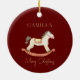 Den här pappra babeldesignen i Julgran med vit färg har en barnscen i Nutcracker som är komplett med en ballerina, mus och leksak soldat på framsidan med julklackande häst på baksidan. Den här barnens personlig Julgran-dekoration har slutförts med ett anpassat namn och ett God jul-meddelande för det roliga skriptet guld.
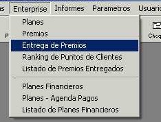 Se accede desde el menú "Enterprise - Listado de Premios Entregados" de la barra de menú. El listado muestra los premios entregados a cada uno de los clientes.
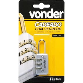 Cadeado com segredo cinza - Vonder Dados do Produto: - 1 Cadeado com segredo - Indicado para malas de viagens, armários de academias, armários de empresas, entre outros. - Segredo com 3 combinações. - A combinação de números segredo escolhido deverá ser anotada em local seguro, pois em caso de esquecimento Não será mais possível abrir o cadeado. - Possibilita que o segredo seja alterado inúmeras vezes ver instruções na embalagem do produto Detalhes do Produto: - Material do corpo do cadeado: Zamac - Material da haste do cadeado: Aço cromado - Largura do corpo do cadeado: 20,0 mm - Espessura do corpo do cadeado: 11,2 mm - Altura do corpo do cadeado: 35,8 mm - Diâmetro da haste do cadeado: 3,2 mm - Altura útil do cadeado: 21,5 mm - Cor do cadeado: Cinza Marca: Não Informado Ean: 7893946100322
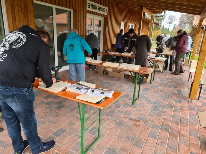 Unter fachkundiger Leitung wurden zusammen mit Naturfreunden aus dem Raum Flotwedel wetterfeste Unterschlüpfe aus vorgefertigten Bausätzen hergestellt.
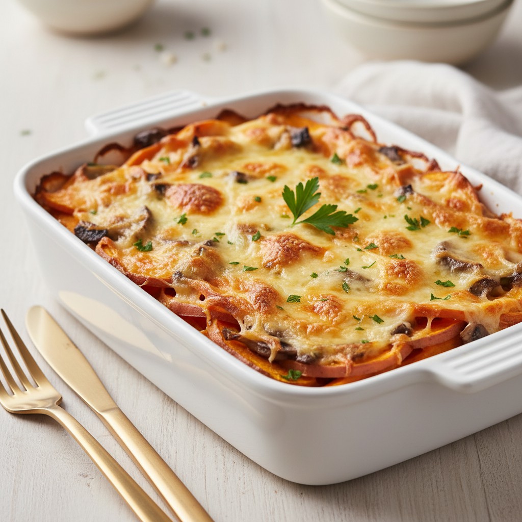 Ce gratin de patate douce et champignons est une recette réconfortante et équilibrée, parfaite pour un repas végétarien ou en accompagnement. La douceur de la patate douce se marie à merveille avec la saveur terreuse des champignons, le tout gratiné avec une couche de fromage fondant. Une recette simple et savoureuse, idéale pour les amateurs de cuisine maison.
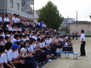 10月17日(木)東葛飾地方中学校駅伝競走大会壮行会とタイムトライアル全校応援を行いました。壮行会では選手代表や各区間の選手から大会への意気込み,生徒会長から激励のことば,全校応援がありました。目標に向かって,持てる力を最大限に発揮しましょう!頑張れ柏中!
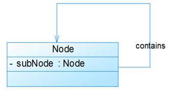 在系统中可能会存在一些类的属性对象类型为该类本身,这种特殊的关联关系称为自关联。例如:一个节点类(Node)的成员又是节点Node类型的对象,如图4所示:
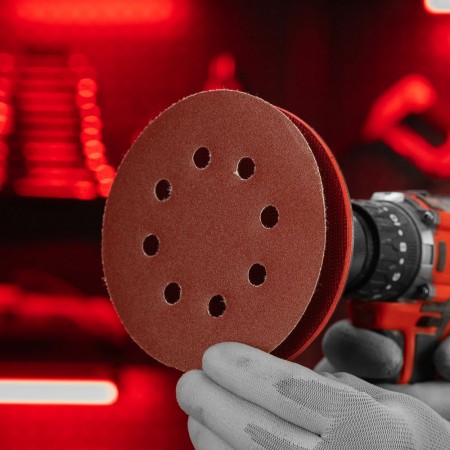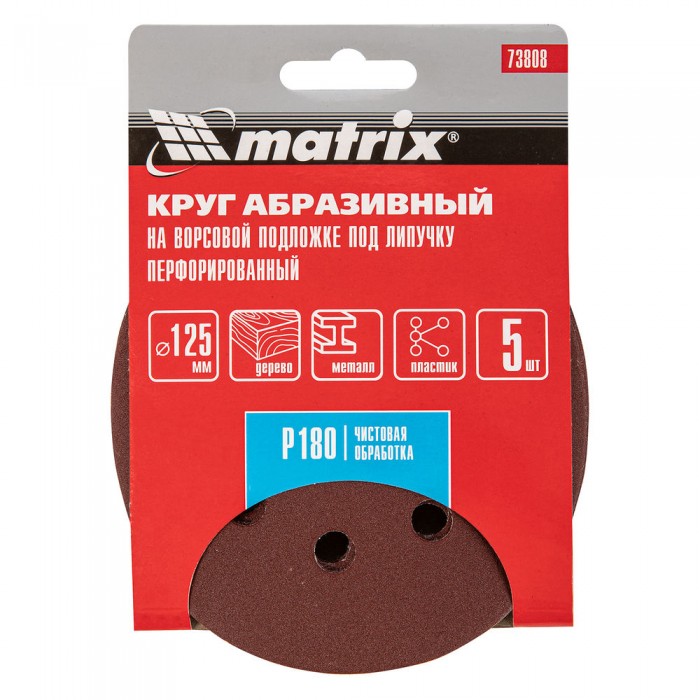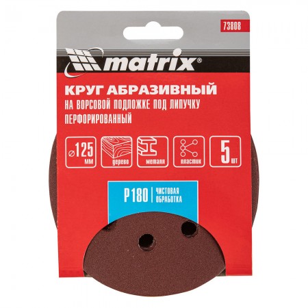 Круг абразивный на ворсовой подложке под "липучку", перфорированный, P 180, 125 мм, 5 шт Matrix (73808)
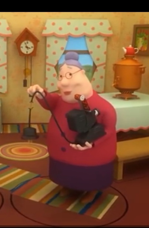 Второстепенный персонаж, бабушка Маши и Саши. У бабушки зелёная кофта с красными пуговицами и серая юбка. Имеет "гульку" и носит очки. Бабушка очень любит своих внуков, так как очень обрадовалась их приезду.
▬▬▬▬▬▬
* The problem *
With the pictures excluded, restate word for word each line from the one that contains "10月17日(木)東葛飾地方" through the last line of the listing above.

* Exercise output *
 10月17日(木)東葛飾地方中学校駅伝競走大会壮行会とタイムトライアル全校応援を行いました。壮行会では選手代表や各区間の選手から大会への意気込み,生徒会長から激励のことば,全校応援がありました。目標に向かって,持てる力を最大限に発揮しましょう!頑張れ柏中!
 在系统中可能会存在一些类的属性对象类型为该类本身,这种特殊的关联关系称为自关联。例如:一个节点类(Node)的成员又是节点Node类型的对象,如图4所示:
 Круг абразивный на ворсовой подложке под "липучку", перфорированный, P 180, 125 мм, 5 шт Matrix (73808)
 Второстепенный персонаж, бабушка Маши и Саши. У бабушки зелёная кофта с красными пуговицами и серая юбка. Имеет "гульку" и носит очки. Бабушка очень любит своих внуков, так как очень обрадовалась их приезду.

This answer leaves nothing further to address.